• [Data segment]:
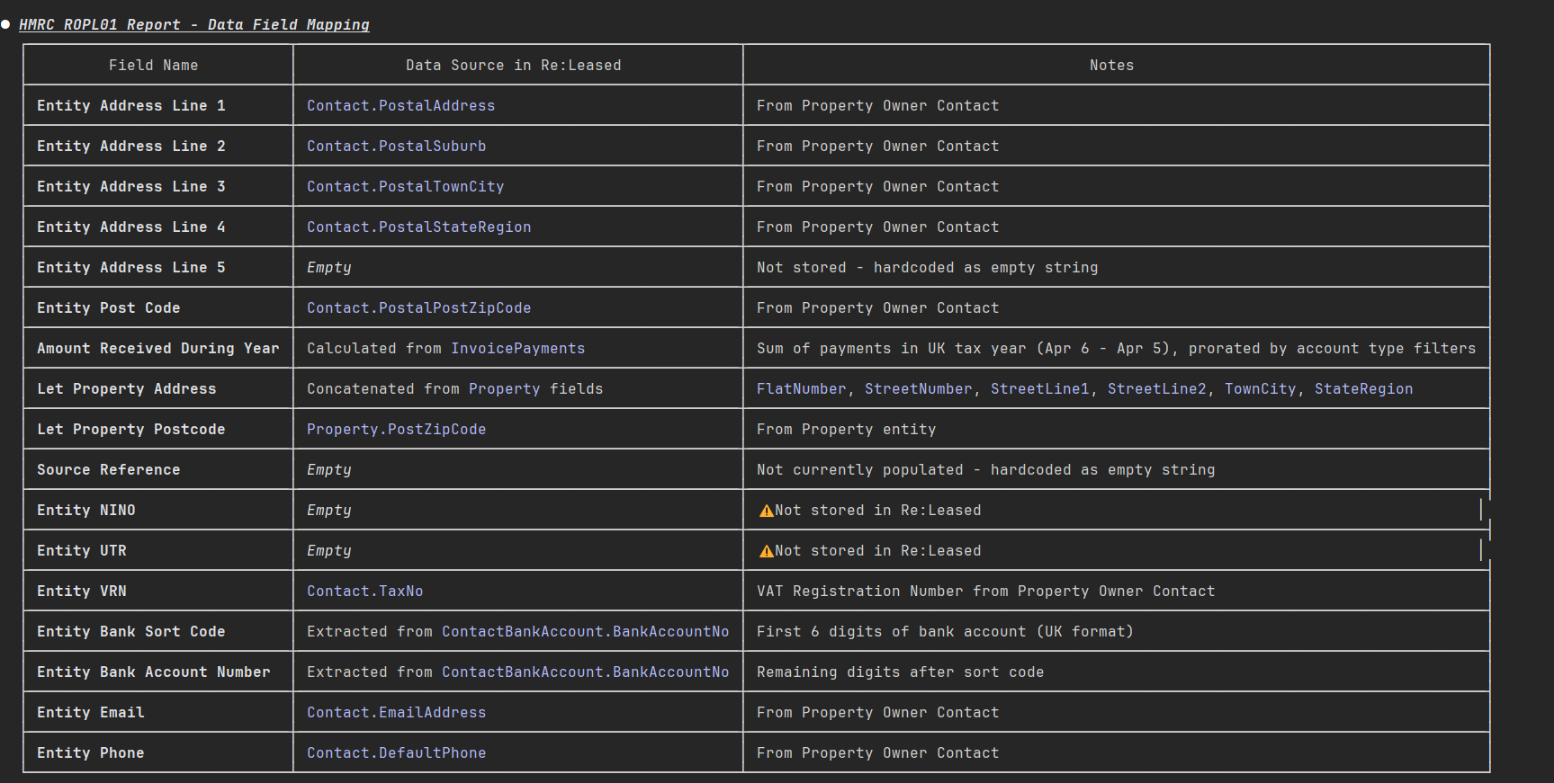 The ROPL01 Report in Re-Leased captures all relevant property income transactions that fall within the UK financial year (April 6 to April 5 of the following year).
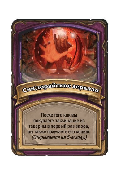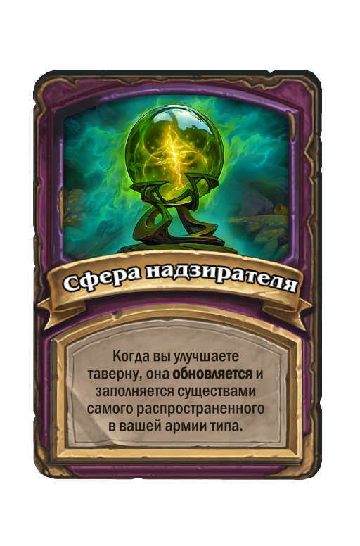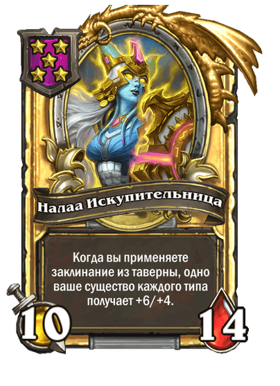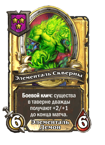 - До изменения: 5 атаки, 6 здоровья. Когда вы применяете заклинание из таверны, одно ваше существо каждого типа получает +2/+1.
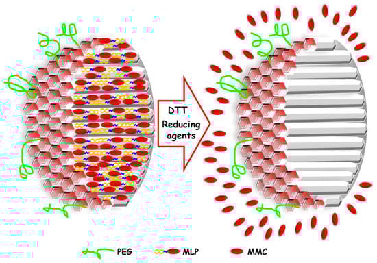 Schematic representation of a cross-section of pegylated MSNPs loaded with the prodrug MLP (left); in the presence of reducing agents present in tumor tissues, MMC is released through the cleavage of the disulfide groups (right).
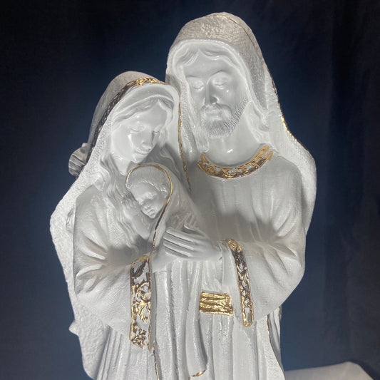 IMAGEM DE GESSO SAGRADA FAMÍLIA BRANCA E DOURADA 43CM (1 UNIDADE)

• [Task brief]:
All that belongs in the answer is the exact run of lines from the line containing "Schematic representation of" to the end of the listing above, pictures removed.

• [Answer to the problem]:
 Schematic representation of a cross-section of pegylated MSNPs loaded with the prodrug MLP (left); in the presence of reducing agents present in tumor tissues, MMC is released through the cleavage of the disulfide groups (right).
 IMAGEM DE GESSO SAGRADA FAMÍLIA BRANCA E DOURADA 43CM (1 UNIDADE)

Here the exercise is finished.